■ RECORDS FOR THIS EXERCISE ■
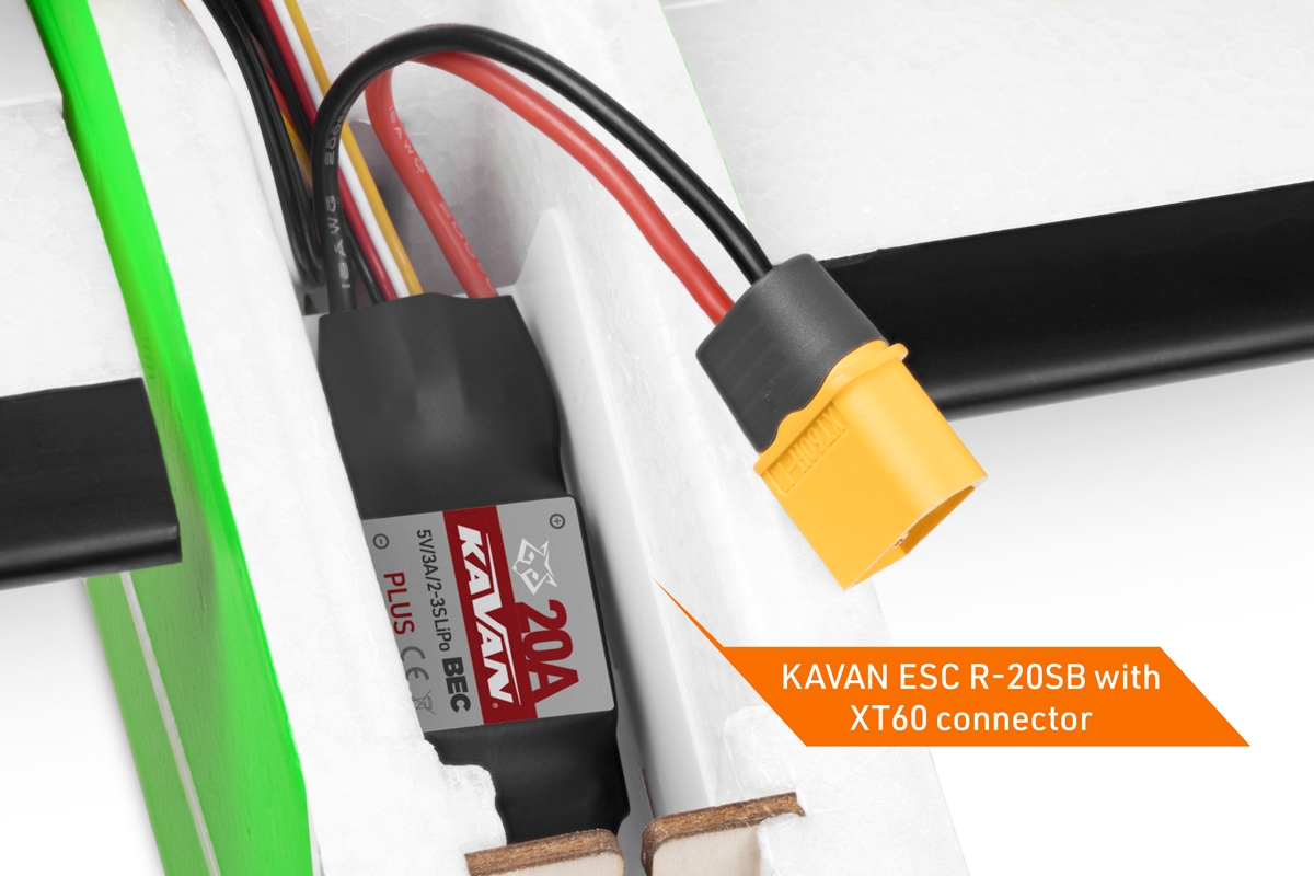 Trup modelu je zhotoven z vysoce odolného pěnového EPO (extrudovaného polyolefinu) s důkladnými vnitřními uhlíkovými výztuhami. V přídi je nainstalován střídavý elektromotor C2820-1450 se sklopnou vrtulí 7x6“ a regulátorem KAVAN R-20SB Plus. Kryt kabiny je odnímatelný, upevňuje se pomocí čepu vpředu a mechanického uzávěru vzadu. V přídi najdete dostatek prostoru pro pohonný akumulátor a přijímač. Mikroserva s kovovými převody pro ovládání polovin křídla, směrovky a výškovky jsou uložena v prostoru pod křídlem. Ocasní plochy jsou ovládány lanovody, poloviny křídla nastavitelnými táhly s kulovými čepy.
...
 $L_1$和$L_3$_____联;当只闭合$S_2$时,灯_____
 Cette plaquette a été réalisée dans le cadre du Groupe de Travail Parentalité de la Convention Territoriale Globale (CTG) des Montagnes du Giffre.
==
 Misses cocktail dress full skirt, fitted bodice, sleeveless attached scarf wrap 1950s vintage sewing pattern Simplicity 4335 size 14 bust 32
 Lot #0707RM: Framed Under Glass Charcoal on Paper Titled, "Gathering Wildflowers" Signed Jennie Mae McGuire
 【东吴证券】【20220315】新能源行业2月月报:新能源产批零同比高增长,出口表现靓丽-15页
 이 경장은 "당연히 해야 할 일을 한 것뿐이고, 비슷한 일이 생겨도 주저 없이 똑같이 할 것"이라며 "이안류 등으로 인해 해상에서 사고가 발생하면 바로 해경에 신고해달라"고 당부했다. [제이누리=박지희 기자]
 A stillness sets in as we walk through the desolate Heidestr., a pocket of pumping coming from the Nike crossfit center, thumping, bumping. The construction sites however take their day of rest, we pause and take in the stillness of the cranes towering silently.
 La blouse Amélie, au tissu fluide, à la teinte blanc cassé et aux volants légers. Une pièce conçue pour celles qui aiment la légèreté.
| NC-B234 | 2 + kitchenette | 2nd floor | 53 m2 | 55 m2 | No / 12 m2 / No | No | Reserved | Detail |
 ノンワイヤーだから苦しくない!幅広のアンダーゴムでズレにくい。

■ TASK DIRECTIONS ■
Only one part of the material above is to be transcribed, namely the lines starting with the line that has "Lot #0707RM: Framed" and going on through the line that has "ノンワイヤーだから苦しくない!幅広のアンダーゴムでズレにくい。", exactly as they stand.

■ RESPONSE AREA ■
 Lot #0707RM: Framed Under Glass Charcoal on Paper Titled, "Gathering Wildflowers" Signed Jennie Mae McGuire
 【东吴证券】【20220315】新能源行业2月月报:新能源产批零同比高增长,出口表现靓丽-15页
 이 경장은 "당연히 해야 할 일을 한 것뿐이고, 비슷한 일이 생겨도 주저 없이 똑같이 할 것"이라며 "이안류 등으로 인해 해상에서 사고가 발생하면 바로 해경에 신고해달라"고 당부했다. [제이누리=박지희 기자]
 A stillness sets in as we walk through the desolate Heidestr., a pocket of pumping coming from the Nike crossfit center, thumping, bumping. The construction sites however take their day of rest, we pause and take in the stillness of the cranes towering silently.
 La blouse Amélie, au tissu fluide, à la teinte blanc cassé et aux volants légers. Une pièce conçue pour celles qui aiment la légèreté.
| NC-B234 | 2 + kitchenette | 2nd floor | 53 m2 | 55 m2 | No / 12 m2 / No | No | Reserved | Detail |
 ノンワイヤーだから苦しくない!幅広のアンダーゴムでズレにくい。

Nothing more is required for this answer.